Saint-Lô, Valognes et Cherbourg partagent un cadre réglementaire commun, mais les modalités d’action diffèrent. Les politiques locales, lestées par les capacités d’investissement, les priorités patrimoniales et les attentes citoyennes, se traduisent par des calendriers et des choix techniques distincts.
Saint-Lô : la rénovation thermique comme fil rouge du mandat
À Saint-Lô, la rénovation énergétique s’est imposée comme un axe central de la stratégie climat-air-énergie communale. Dès 2021, la ville a lancé un “plan pluriannuel d'investissement” (PPI) fléché explicitement vers l’amélioration de la performance énergétique de son patrimoine. Plusieurs projets phares émergent :
- La réhabilitation de l’école Jules-Verne : isolation par l’extérieur, remplacement des menuiseries, modernisation de la chaufferie, pilotage numérique de la gestion énergétique. Gain énergétique annoncé : -47 % de consommation. Fin des travaux : été 2023.
- Le complexe sportif du Val Saint-Jean : remplacement des éclairages, isolation de la toiture, ventilation double-flux. Baisse des émissions de CO2 : près de 20 tonnes/an.
Concrètement, la méthode choisie par Saint-Lô consiste à séquencer les interventions, en privilégiant d’abord l’enveloppe et les systèmes énergétiques (chauffage, régulation), avant d’envisager l’installation d’énergies renouvelables locales.
Bilan intermédiaire : sur 2022-2023, le montant total investi dépasse 2,8 millions d’euros, pour une économie d’énergie supplémentaire de 850 000 kWh/an (source : ville de Saint-Lô, communication municipale mai 2023).
Valognes : la réponse d’une ville-patrimoine aux défis énergétiques
Valognes, avec son centre ancien et des bâtiments parfois classés, fait face à des contraintes inédites : il s’agit d’agir sans dénaturer le patrimoine architectural. Ici, la démarche s’appuie sur deux leviers simultanés :
- Des rénovations lourdes sur les écoles du centre : en 2022, l’école Pasteur a bénéficié d’un chantier test, combinant isolation laine de bois, fenêtres sur mesure, LED intelligentes, ventilation mécanique contrôlée (VMC). Résultat : -35 % sur la facture énergétique annuelle.

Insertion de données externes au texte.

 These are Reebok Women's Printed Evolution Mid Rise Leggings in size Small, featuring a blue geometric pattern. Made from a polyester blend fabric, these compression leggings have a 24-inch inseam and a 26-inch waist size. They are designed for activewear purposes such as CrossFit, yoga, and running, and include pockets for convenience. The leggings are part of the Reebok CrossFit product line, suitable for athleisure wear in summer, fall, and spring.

- L’expérimentation d’un “passeport énergétique” pour trois bâtiments publics, incluant un suivi de consommation en temps réel, et une plateforme numérique d’analyse de données (en partenariat avec le SDEM50, syndicat départemental). Objectif : orienter les futurs investissements selon les gains les plus significatifs constatés sur un panel diversifié.
Dans les faits, la collectivité privilégie une logique “petits pas réguliers” plutôt que des chantiers de restructuration massifs, faute de marges financières importantes.

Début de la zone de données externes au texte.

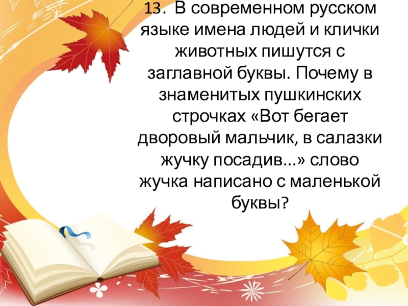 13. Жучка не имя собственное, а обозначение беспородной крестьянской собаки.

Cherbourg-en-Cotentin : un changement d’échelle après la fusion
Depuis la fusion des cinq communes historiques en 2016, la question de la rénovation énergétique est devenue intercommunale. Cherbourg se distingue par :
- Un “schéma directeur énergie-carbone”, validé en 2021, visant -40 % de consommation énergétique du parc public à l’horizon 2030.
- La rénovation thermique de la médiathèque Jacques-Prévert, avec une réduction de la consommation portée à 110 kWh/m²/an (contre plus de 280 en 2019). Bénéfice annexe : amélioration de la qualité de l’air intérieur.
- L’extension des réseaux de chaleur urbains alimentés en bois énergie (quartiers du centre et d’Équeurdreville), qui permet de mutualiser la transition sur plusieurs dizaines de bâtiments – écoles, gymnases, logements d’urgence.
Dans cette dynamique, Cherbourg mobilise fortement les financements externes, notamment le dispositif “Soutien à l’Investissement Local” (État), la Dotation de Soutien à l’Investissement Public Local (DSIL) et le Fonds Chaleur de l’Ademe.
Un point essentiel : en 2023, près de 2,4 millions d’euros ont été engagés rien que pour la première tranche de travaux (source : Ville de Cherbourg-en-Cotentin, compte administratif 2023).